** PROBLEM STATEMENT **
The data below contains pictures, which are to be skipped; the lines starting at the line with "Wolfies Bandung, saatnya" and ending at the line with "Persian Variant on" are to be output exactly, both ends included.

** EXTRACTED DATA **
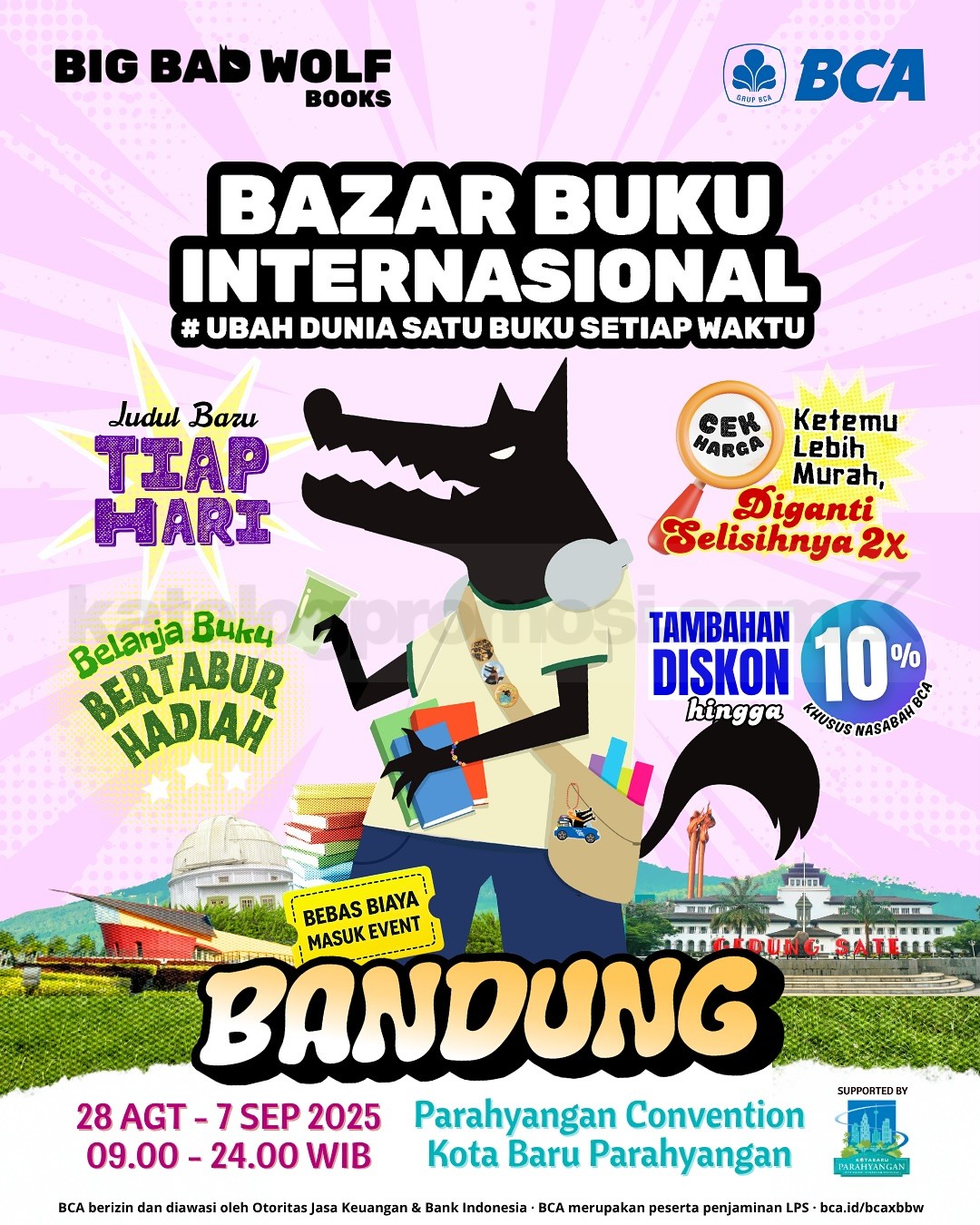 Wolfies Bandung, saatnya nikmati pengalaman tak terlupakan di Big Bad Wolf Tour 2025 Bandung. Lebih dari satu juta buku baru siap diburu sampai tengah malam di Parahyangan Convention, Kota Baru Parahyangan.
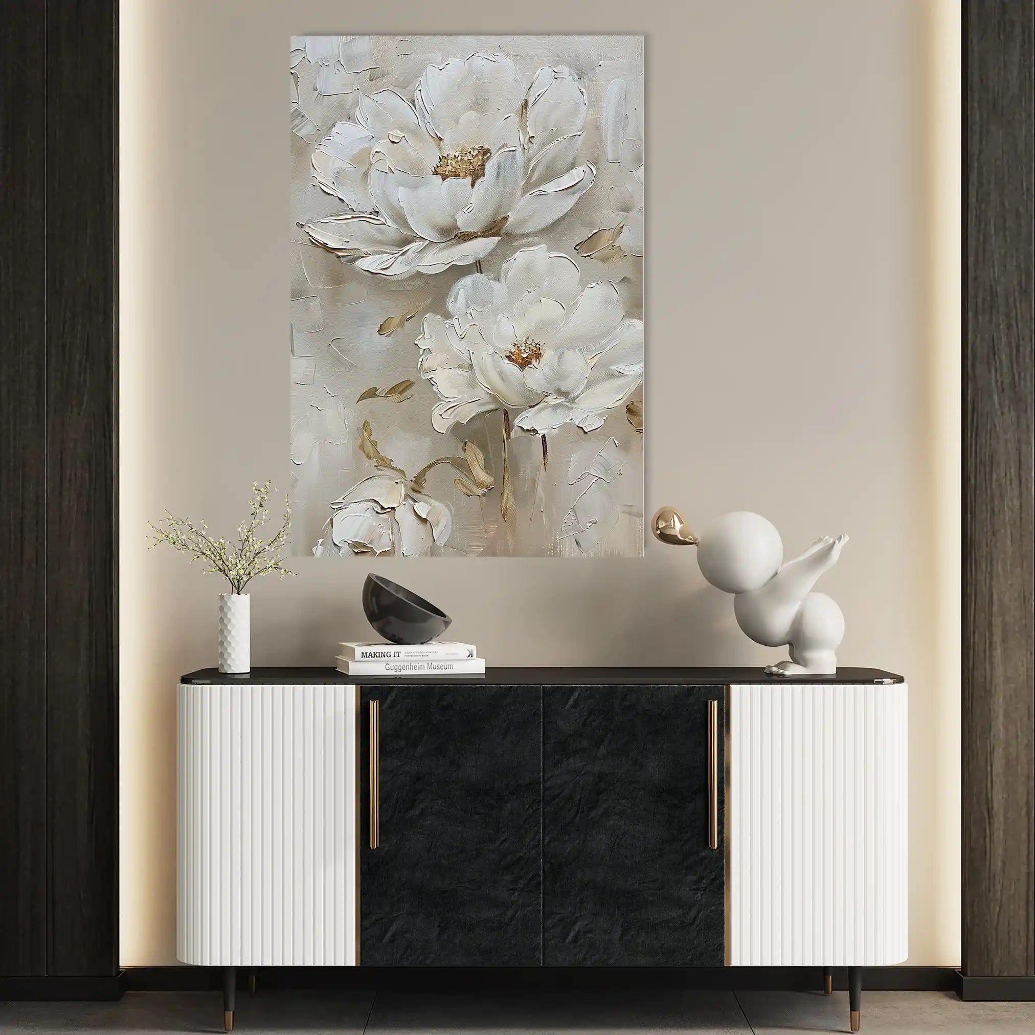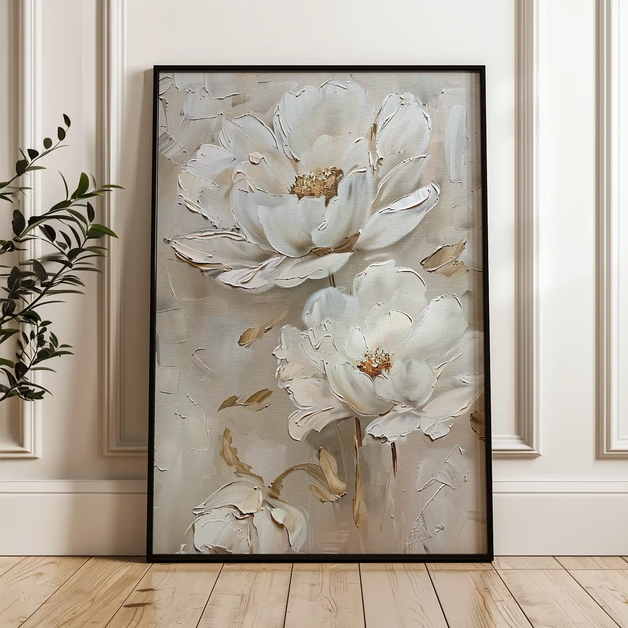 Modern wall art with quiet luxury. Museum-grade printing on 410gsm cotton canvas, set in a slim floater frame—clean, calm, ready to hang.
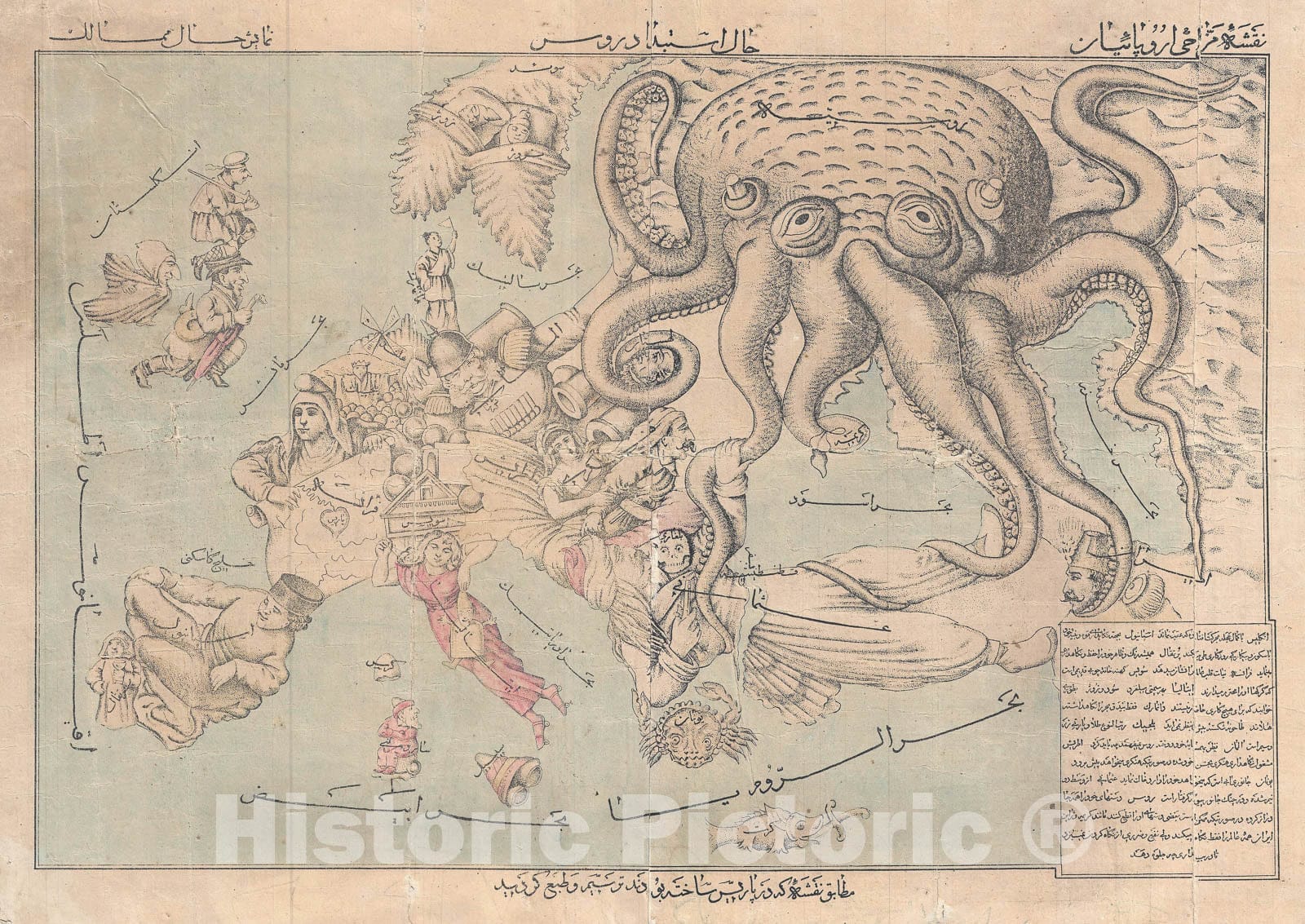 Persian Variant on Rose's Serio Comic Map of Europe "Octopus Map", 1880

* * *

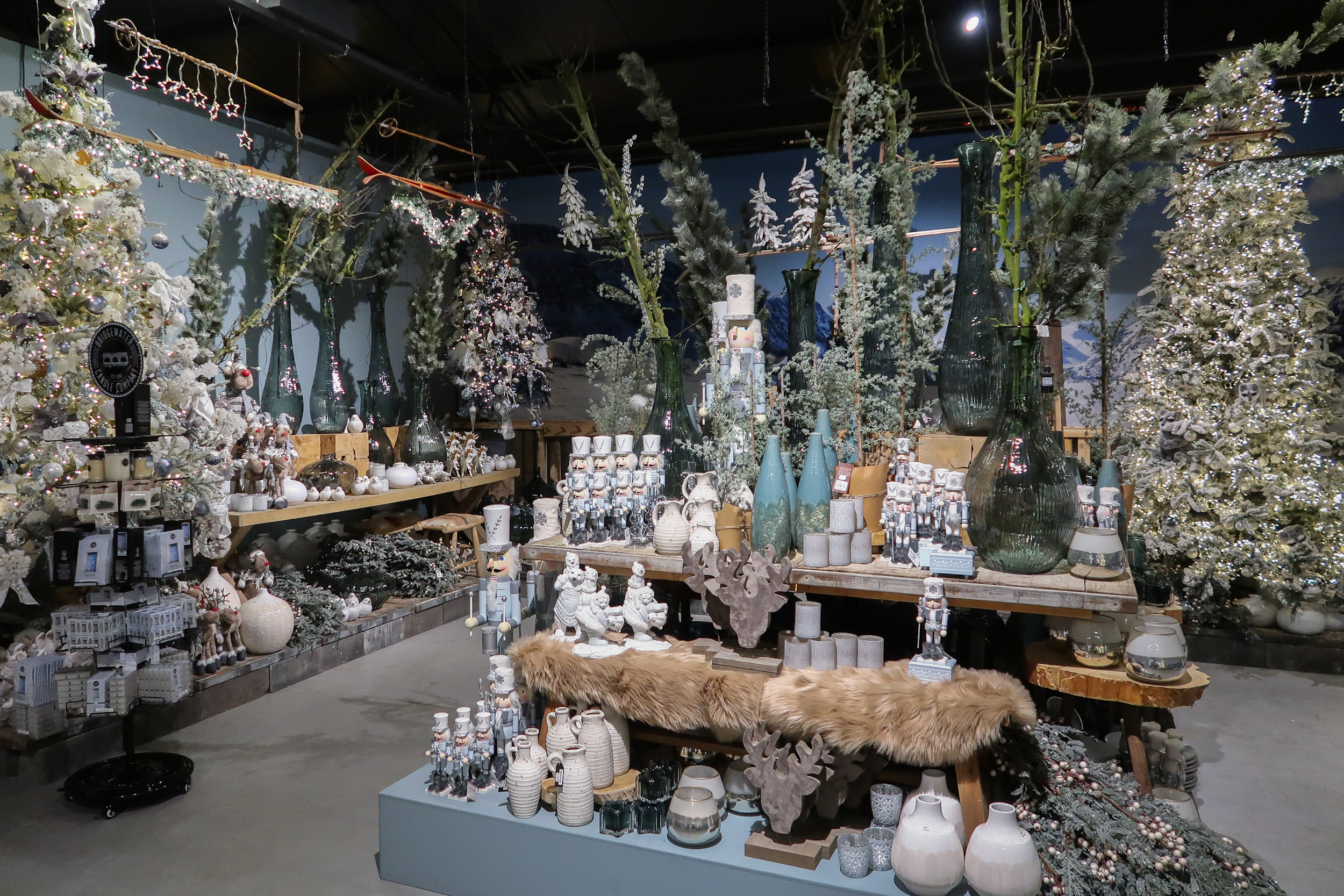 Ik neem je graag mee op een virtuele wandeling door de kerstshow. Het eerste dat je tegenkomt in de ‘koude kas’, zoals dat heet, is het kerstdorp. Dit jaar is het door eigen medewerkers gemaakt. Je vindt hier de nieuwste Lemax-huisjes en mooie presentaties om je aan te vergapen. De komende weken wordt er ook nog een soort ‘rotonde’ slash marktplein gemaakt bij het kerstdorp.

** TASK OUTPUT **
 Wolfies Bandung, saatnya nikmati pengalaman tak terlupakan di Big Bad Wolf Tour 2025 Bandung. Lebih dari satu juta buku baru siap diburu sampai tengah malam di Parahyangan Convention, Kota Baru Parahyangan.
 Modern wall art with quiet luxury. Museum-grade printing on 410gsm cotton canvas, set in a slim floater frame—clean, calm, ready to hang.
 Persian Variant on Rose's Serio Comic Map of Europe "Octopus Map", 1880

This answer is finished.